Worker                              Scheduler
  │                                     │
  │── POST /jobs/:id/heartbeat ────────►│  records timestamp
  │                        (every 5s)   │
  │── POST /jobs/:id/heartbeat ────────►│  records timestamp
  │                                     │
  │  [worker crashes]                   │
  │                                     │  background checker:
  │                                     │  last heartbeat > 30s ago?
  │                                     │  → reset job to "pending"
  │                                     │  → another worker picks it up

One subtle failure mode worth noting: what if the heartbeat packet is delayed by the network, but the worker is still healthy? This is the classic false positive problem in distributed systems. Workron handles this by making jobs idempotent where possible, running the same job twice should produce the same result as running it once. The alternative which is guaranteeing exactly-once execution requires distributed transactions and is significantly more complex.
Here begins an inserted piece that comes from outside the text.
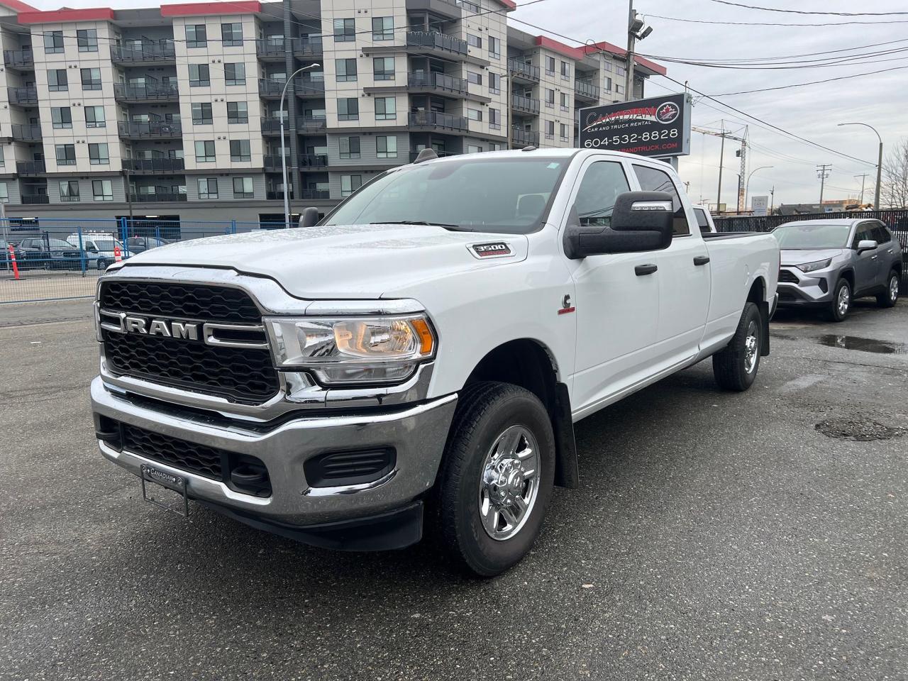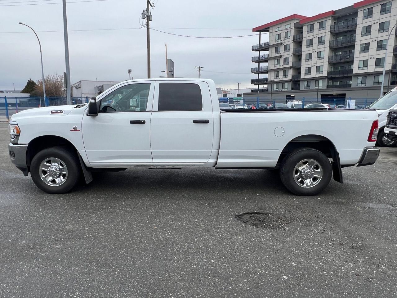 2023 Ram 3500 Tradesman with the 6.7L cummins diesel engine, 4x4, long box, bed liner, reverse camera, 6 passenger capacity, cloth interior, am/fm/bluetooth, apple carplay/android auto, adjustable steering wheel and so much more!

At-least-once with idempotency feels like the pragmatic starting point for this project, even if it is not a perfect guarantee.
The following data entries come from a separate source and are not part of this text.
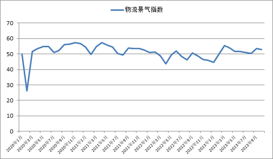 中國(guó)物流與采購(gòu)聯(lián)合會(huì)發(fā)布的2023年10月份中國(guó)物流業(yè)景氣指數(shù)為52.9%,環(huán)比回落0.6個(gè)百分點(diǎn)。10月份物流景氣平穩(wěn)運(yùn)行,東中西部地區(qū)發(fā)展相對(duì)均衡。宏觀層面需求指數(shù)和新訂單指數(shù)小幅回落,但仍處于擴(kuò)張區(qū)間,企業(yè)微觀經(jīng)營(yíng)有所改善,資金周轉(zhuǎn)指數(shù)環(huán)比小幅回升,主營(yíng)業(yè)務(wù)利潤(rùn)基本持平,小微型企業(yè)經(jīng)營(yíng)繼續(xù)好轉(zhuǎn)。
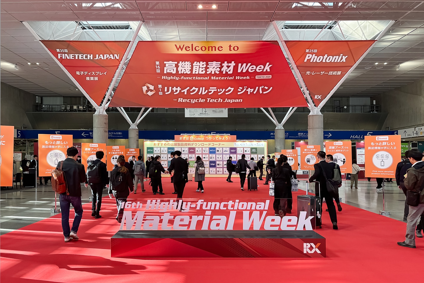 「高機能素材Week」は、先端素材の開発・加工・成形・評価に関する最新技術が集結する、世界最大規模の展示会です。「サステナブル マテリアル展」「高機能プラスチック展」「接着・接合 EXPO」など、素材の種類や加工技術に応じた複数の専門展で構成されており、ものづくりの最前線を支える技術が集まります。東京・大阪・名古屋でそれぞれ年 1 回ずつ開催されており、今回は東京での開催でした。
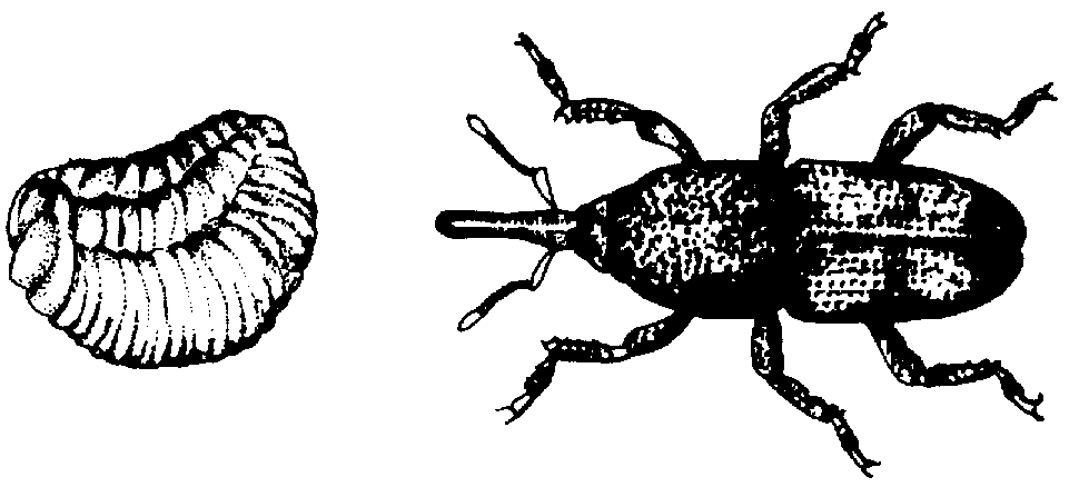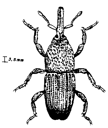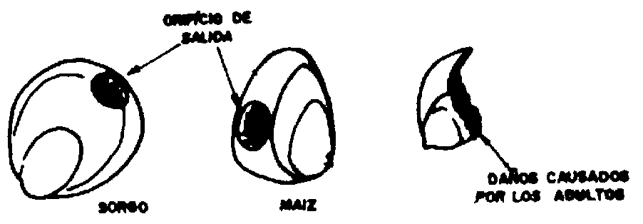 Existen tres especies que son plagas importantes de los cereales almacenados; el gorgojo de los graneros o del trigo, Sitophilus granarius (L.), el gorgojo del maíz, Sitophilus zeumais Motschulsky, y el gorgojo del arroz, Sitophilus orizae (L.). Las especies Sitophilus orizae y Sitophilus zeumais son prácticamente idénticas. Aunque las dos especies pueden encontrarse a menudo atacando el mismo producto, se ha observado que S. zeamais es el principal responsable por las infestaciones que preceden a la cosecha, debido a la mayor tendencia de la especie a volar. Ponen los huevos dentro del grano y la larva, que no tiene patas, hace un túnel y se alimenta en el interior del grano. Desde que la hembra pone los huevos hasta la salida del adulto se requieren de 30 a 40 días, bajo condiciones climáticas favorables. Cada hembra puede poner aproximadamente 300 huevos (figura 7).

The Implementation Roadmap

Concurrent monolith — Atomic job claiming with mutex-protected state. The question: how do N goroutines share one queue without stepping on each other?
The distributed split — Separating into two binaries. The question: how do two processes coordinate without shared memory?
Failure detection — Heartbeat-based monitoring. The question: how does the scheduler know a worker is dead without the worker telling it?
Persistence — Database-backed storage. The question: how does the system survive a complete scheduler restart without losing job state?
Advanced scheduling — Cron scheduling, priority queues, and DAG dependencies. The question: how do you model complex real-world workflows?

What’s Next

The next post dives into the code for Concurrent monolith, specifically, how to implement the ClaimJob() function using sync.RWMutex to guarantee that no two goroutines ever process the same job, and how to wire it to a live REST API you can test with curl from day one.

Full source: Workron

References and Further Reading

Go Wiki: Mutex or Channel? — Official Go guidance on when to use mutexes versus channels. Workron’s mutex-protected map follows this recommendation for shared state protection.
How we designed Dropbox ATF: an async task framework — Dropbox’s engineering write-up on an asynchronous task framework. It was a useful reference for callback-based execution, at-least-once delivery, and heartbeat-style worker monitoring.
Sidekiq Wiki: Reliability — Describes how Sidekiq handles orphaned jobs and worker recovery using heartbeats and Redis. This was a helpful reference when designing stale-job detection in Workron.
Design a Distributed Job Scheduler — A system design walkthrough covering coordinator patterns, worker failure handling, and scheduling concerns at scale.
Apache Airflow Architecture Overview — Overview of Airflow’s scheduler, worker, and DAG-based orchestration model. It serves as a useful reference point for workflow execution concepts.